If arrangements have been made with the buyer then Basis must be set by “First Notice Day”
(FIRST NOTICE DAY SHALL BE THE BUSINESS DAY PRIOR TO THE FIRST BUSINESS DAY OF THE DELIVERY (OPTION) MONTH.
ROLLING OF HEDGES:
Rolling of Hedges will only be allowed at the buyer’s discretion and shall never be rolled into
another crop year. All applicable cost and fees will be charged and/or credited to the seller.
FEES: Current Crop Year Hedges . 03 cents/bushel
1 Year forward Crop Year Hedges .04 cents/bushel
2 Years Forward Crop Hedges . 05 cents/bushel
3 years and forward: Futures will be averaged each year and for every .50 cent market rally a .03 cent fee will be assessed.
The position will be reviewed periodically and adjustments may be made at buyer's discretion.
An additional .03 cent / bushel fee shall be charged to roll hedges
Put Cash Contract
The goal of the Put Cash Contact is to lock in a futures floor price with no basis established, while providing for upside market price potential.
The Contract Price is the futures price chosen (strike price) less the cost of locking in the floor (cost of the put) less aservice charge. The net Cash Sale would be the Futures Strike price, less the cost of the option, less service fee, less basis at time of pricing.
The risk to the producer is known at the time of making the contract and is limited to the cost of locking in the floor (cost of put) plus any service fees.
1. Service Fee: 1 ½ cents per bushel for purchase of option.
2. Rolling: 1 cent per bushel for option roll (only in current market year)
3. Market Loss: Pay, when rolled
4. Production Period: 1 year
5. Delivery Required
6. Contract Cancellation: 5 cents per bushel plus market difference at buyer’s discretion.
Act of God
Cash Call Contract
This tool is an option based contract which protects a Forward Cash Contract with upside market potential protection using a call option.

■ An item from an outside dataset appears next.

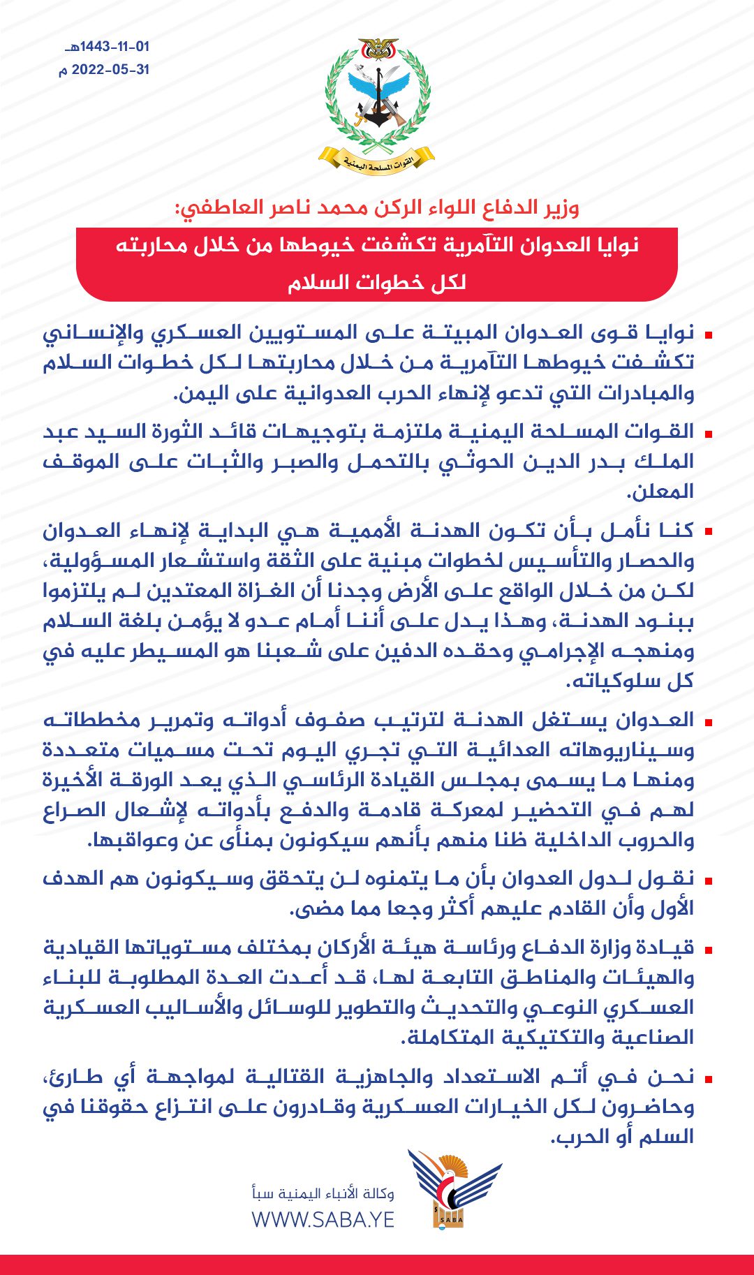 وأشار وزير الدفاع في تصريح لوكالة الأنباء اليمنية (سبأ) إلى أن القوات المسلحة اليمنية ملتزمة بتوجيهات قائد الثورة السيد عبد الملك بدر الدين الحوثي بالتحمل والصبر والثبات على الموقف المعلن.

1. Service Fee: 1 ½ cent per bushel for purchase of the option
2. Rolling: 1 cent per bushel for option roll
3. Market loss: Pay when roll
4. Production Period: 1 crop year
5. Delivery: Required on all Contracts
Contract Cancellation: 5 cents per bushel plus market difference at buyer’s discretion.
Act of God
Basis Contract
This tool allows producers to lock in desired Basis level with the option to establish futures at a later date.
The risk to the producer is potential basis appreciation.
1. Service Fee: None
2. Rolling Fee: 2 cents per bushel each roll to deferred months plus or minus spread difference, to be priced within one calendar year.
3. Market Loss: When contract is priced and filled.
4. Production Period: 1 crop year
5. Delivery: Required on all Contracts
6. Advance: Up to 80% after grain is delivered when price gets below the advance, the producer will be billed.
Price Later Contracts
This tool is used where the seller delivers the grain and has until some later date to establish a price.
This is used when the buyer physically needs to move the grain but doesn’t necessarily have an established price.
Payment is made in full when grain is priced.
Upon delivery, title of the grain passes to the buyer. This is not to be confused with storage or warehouse receipt.
A Price Later Contract will be issued to the producer after receipt of the grain and must be sign, dated, and returned
To the Elevator within 30 days of the last day of delivery. Failure to follow this procedure will result in sold bushels.
The producer will be notified of the sale and settlement will be made.
1. Service Fee: Flexible (Rates may vary for Harvest delivered grain and forward delivery months).